## Work task
Omit every picture and return the rest of the data unaltered.

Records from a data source
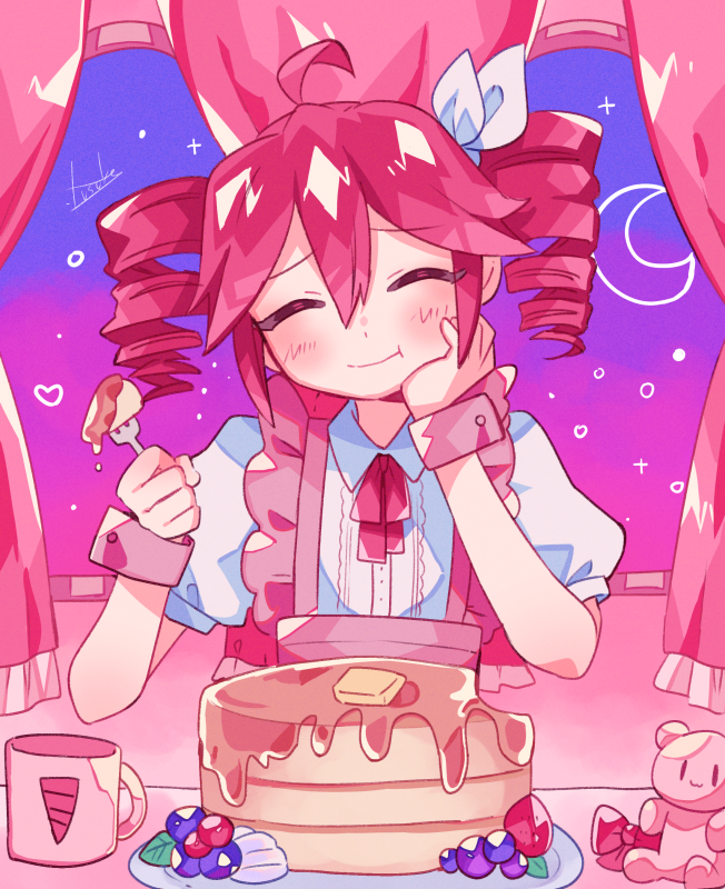 1girl ahoge blush bow butter close-up closed_eyes closed_mouth collared_shirt cup curtains double-parted_bangs drill_hair eating_hair food fork fruit hair_between_eyes hair_bow hand_on_own_cheek hand_on_own_face hands_up heart holding holding_fork indoors kasane_teto kasane_teto_(sv) moon mug neck_ribbon pancake pancake_stack pink_wrist_cuffs purple_sky red_hair red_ribbon ribbon shirt sky smile solo star_(sky) strawberry stuffed_toy suspenders synthesizer_v syrup table twin_drills utau white_bow white_shirt window wing_collar wrist_cuffs yuusuke-kun
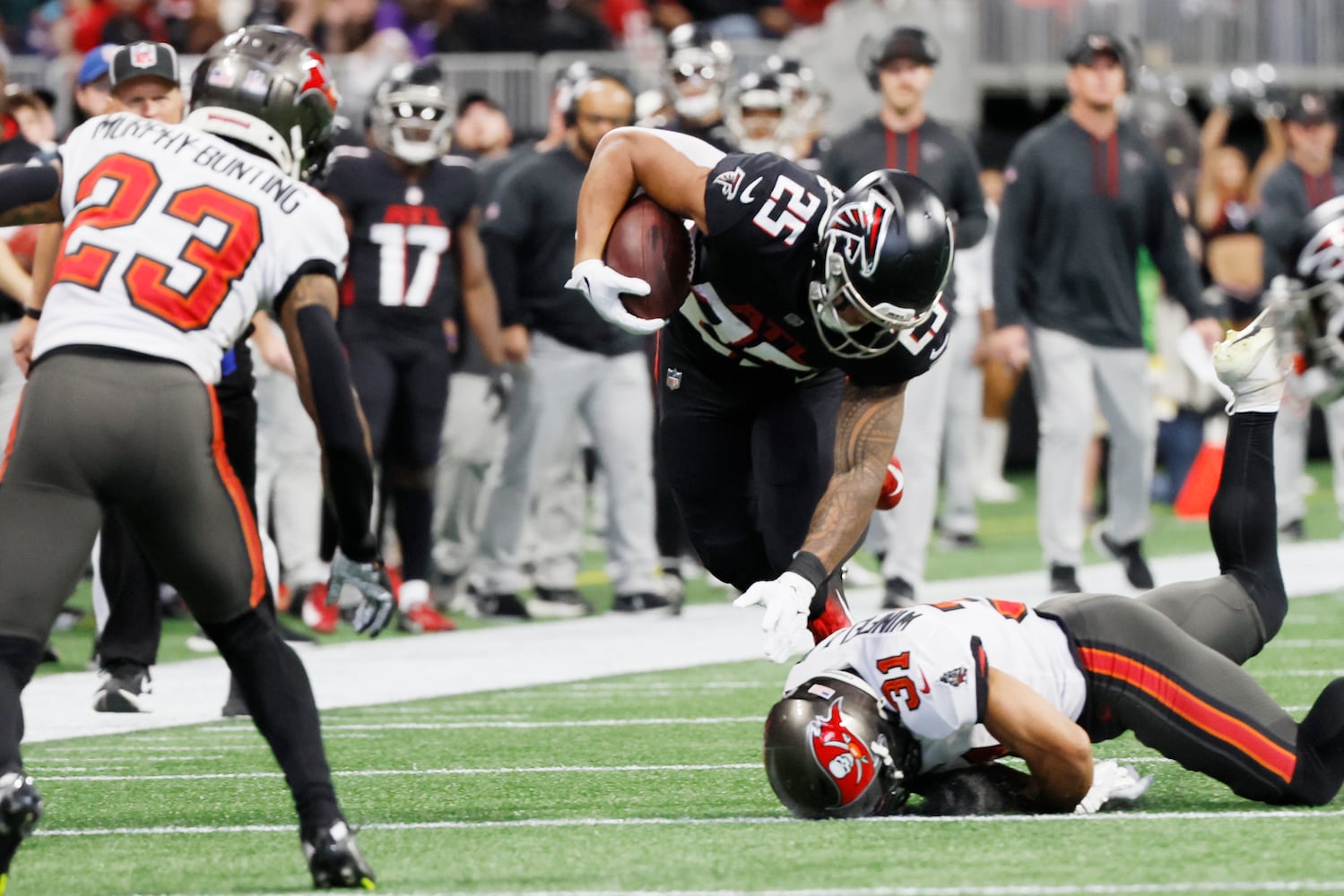 Running back Tyler Allgeier set a rookie rushing record with 1,035 yards for the season. The old mark of 1,023 was set by William Andrews in 1979. Allgeier, a fifth-round pick from BYU, rushed 24 times for 135 yards.
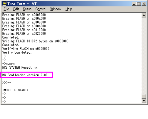 5) MC3 被复位,TeraTerm 的显示器画面显示现在安装的 MC3 引导装载程序的启动信息。
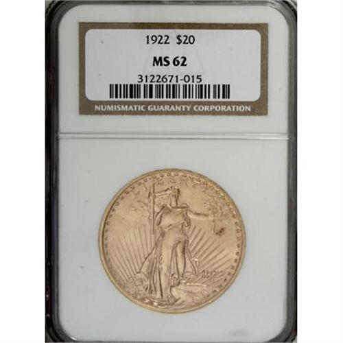 <B>1922 $20 MS62 NGC.</B></I> . NGC Census: (12986/22133). PCGS Population (8845/16430). Mintage: 1,375,500. Numismedia Wsl. Price for NGC/PCGS coin in MS62: $990. (#9173)<BR><BR><B>Coin Engraver:</B> Augustus Saint-Gaudens<BR><BR><b>Shipping:</b> Coins & Currency (<a target="_blank" href="http://www.heritageauctions.com/common/shipping.php">view shipping information</a>)
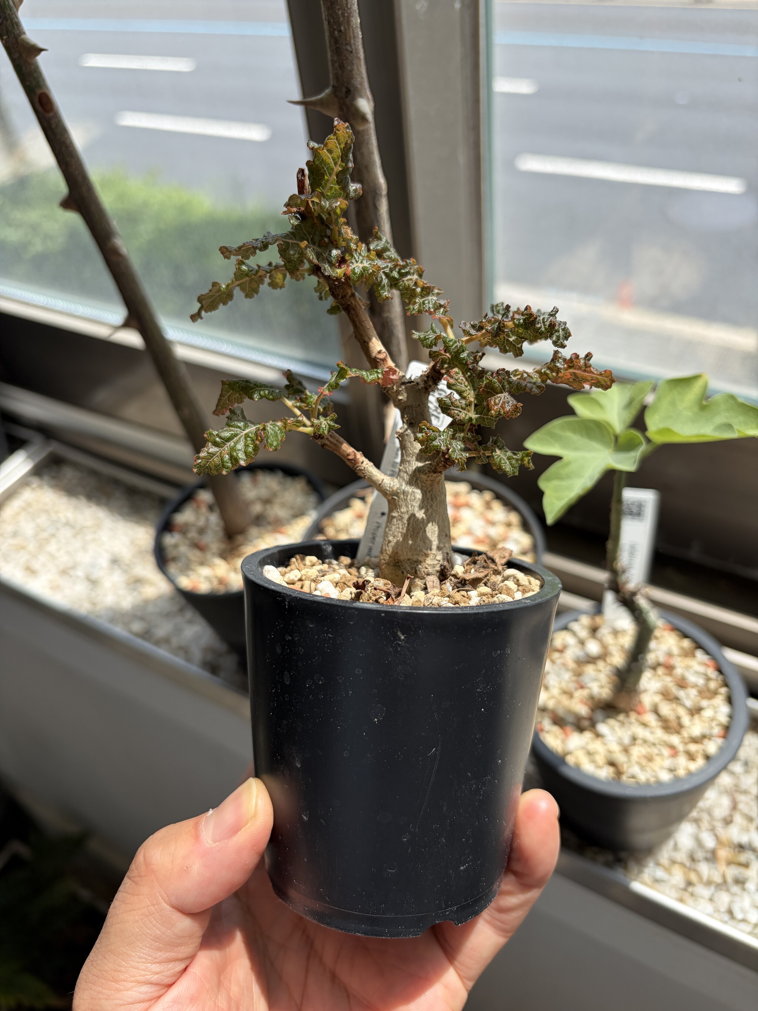'Caudex' 식물들은 늦가을부터 자연스럽게 잎이 떨어집니다. (환경에 따라 잎이 지지 않을 수 있습니다.) 잎이 떨어지기 시작하면 서서히 물을 줄여나가며 휴면기인 겨울 동안에는 2-3주 1회 가볍게 분무 해주시면 됩니다.

## Expected answer
 1girl ahoge blush bow butter close-up closed_eyes closed_mouth collared_shirt cup curtains double-parted_bangs drill_hair eating_hair food fork fruit hair_between_eyes hair_bow hand_on_own_cheek hand_on_own_face hands_up heart holding holding_fork indoors kasane_teto kasane_teto_(sv) moon mug neck_ribbon pancake pancake_stack pink_wrist_cuffs purple_sky red_hair red_ribbon ribbon shirt sky smile solo star_(sky) strawberry stuffed_toy suspenders synthesizer_v syrup table twin_drills utau white_bow white_shirt window wing_collar wrist_cuffs yuusuke-kun
 Running back Tyler Allgeier set a rookie rushing record with 1,035 yards for the season. The old mark of 1,023 was set by William Andrews in 1979. Allgeier, a fifth-round pick from BYU, rushed 24 times for 135 yards.
 5) MC3 被复位,TeraTerm 的显示器画面显示现在安装的 MC3 引导装载程序的启动信息。
 <B>1922 $20 MS62 NGC.</B></I> . NGC Census: (12986/22133). PCGS Population (8845/16430). Mintage: 1,375,500. Numismedia Wsl. Price for NGC/PCGS coin in MS62: $990. (#9173)<BR><BR><B>Coin Engraver:</B> Augustus Saint-Gaudens<BR><BR><b>Shipping:</b> Coins & Currency (<a target="_blank" href="http://www.heritageauctions.com/common/shipping.php">view shipping information</a>)
'Caudex' 식물들은 늦가을부터 자연스럽게 잎이 떨어집니다. (환경에 따라 잎이 지지 않을 수 있습니다.) 잎이 떨어지기 시작하면 서서히 물을 줄여나가며 휴면기인 겨울 동안에는 2-3주 1회 가볍게 분무 해주시면 됩니다.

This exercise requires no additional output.